_What to work on_
Given the records underneath, please repeat exactly the lines from the line with "- निगम की टीम" through the line with "同じくマミーから、もっとUV", passing over any picture.

_Data supplied_
=====

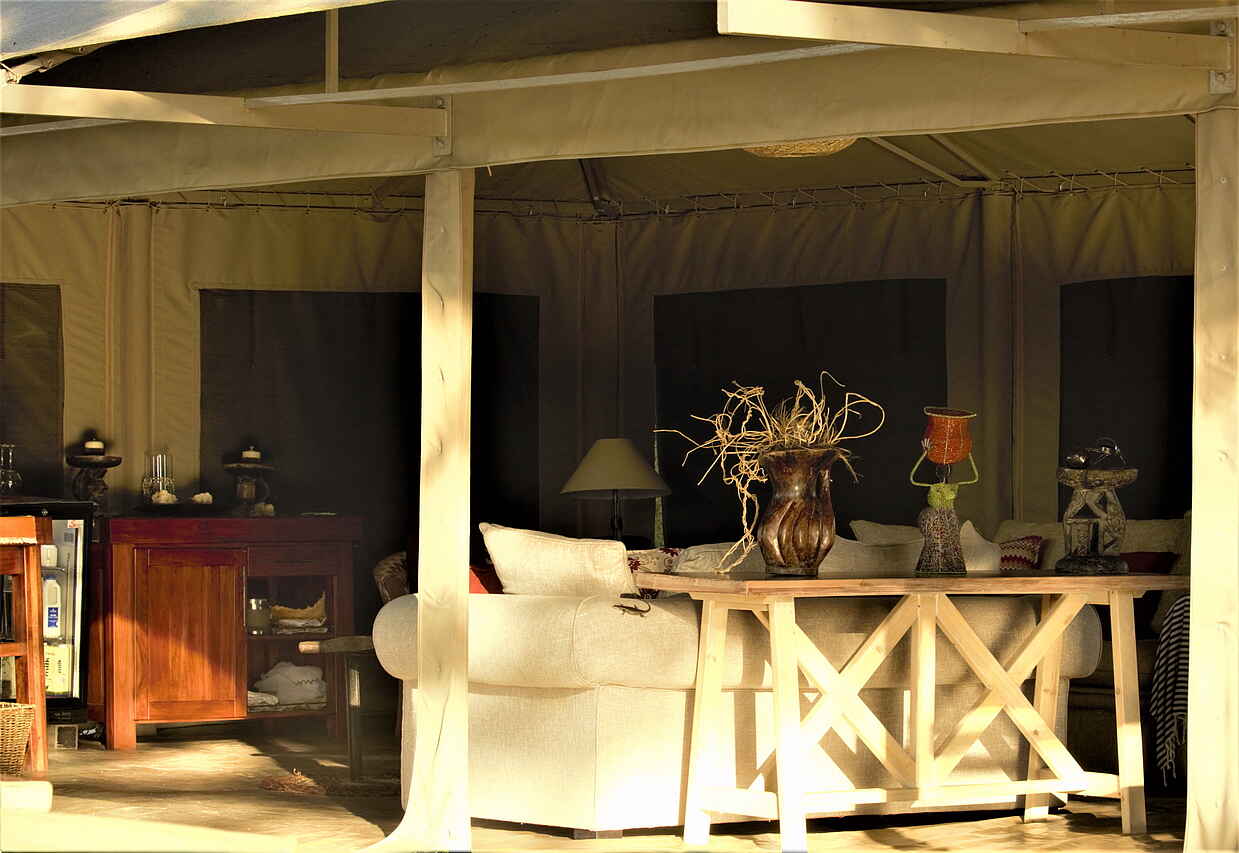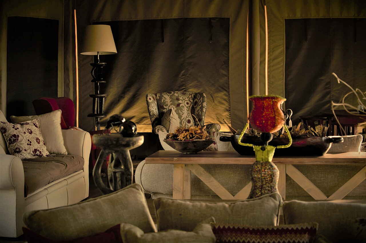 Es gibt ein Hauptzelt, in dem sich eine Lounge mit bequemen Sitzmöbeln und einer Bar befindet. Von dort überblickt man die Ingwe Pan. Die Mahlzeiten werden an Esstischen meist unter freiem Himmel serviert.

=====

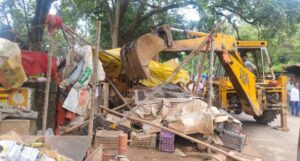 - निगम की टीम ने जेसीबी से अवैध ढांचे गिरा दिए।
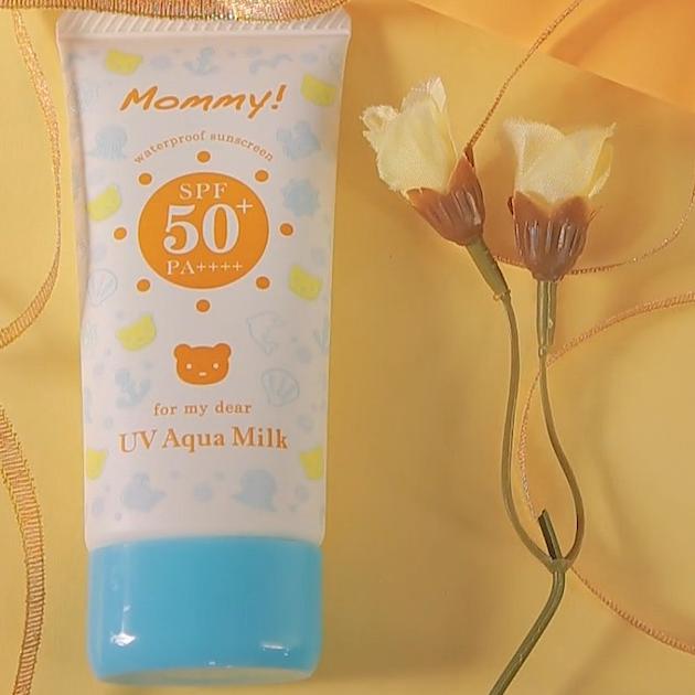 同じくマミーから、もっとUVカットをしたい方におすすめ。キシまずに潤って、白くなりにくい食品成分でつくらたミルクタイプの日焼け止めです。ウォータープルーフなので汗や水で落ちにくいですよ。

=====

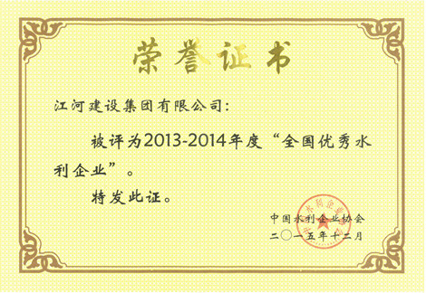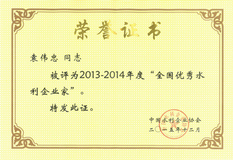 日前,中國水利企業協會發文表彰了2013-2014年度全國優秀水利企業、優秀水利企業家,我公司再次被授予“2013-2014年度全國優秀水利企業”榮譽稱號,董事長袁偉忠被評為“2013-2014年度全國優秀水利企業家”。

=====

_Response to this task_
 - निगम की टीम ने जेसीबी से अवैध ढांचे गिरा दिए।
 同じくマミーから、もっとUVカットをしたい方におすすめ。キシまずに潤って、白くなりにくい食品成分でつくらたミルクタイプの日焼け止めです。ウォータープルーフなので汗や水で落ちにくいですよ。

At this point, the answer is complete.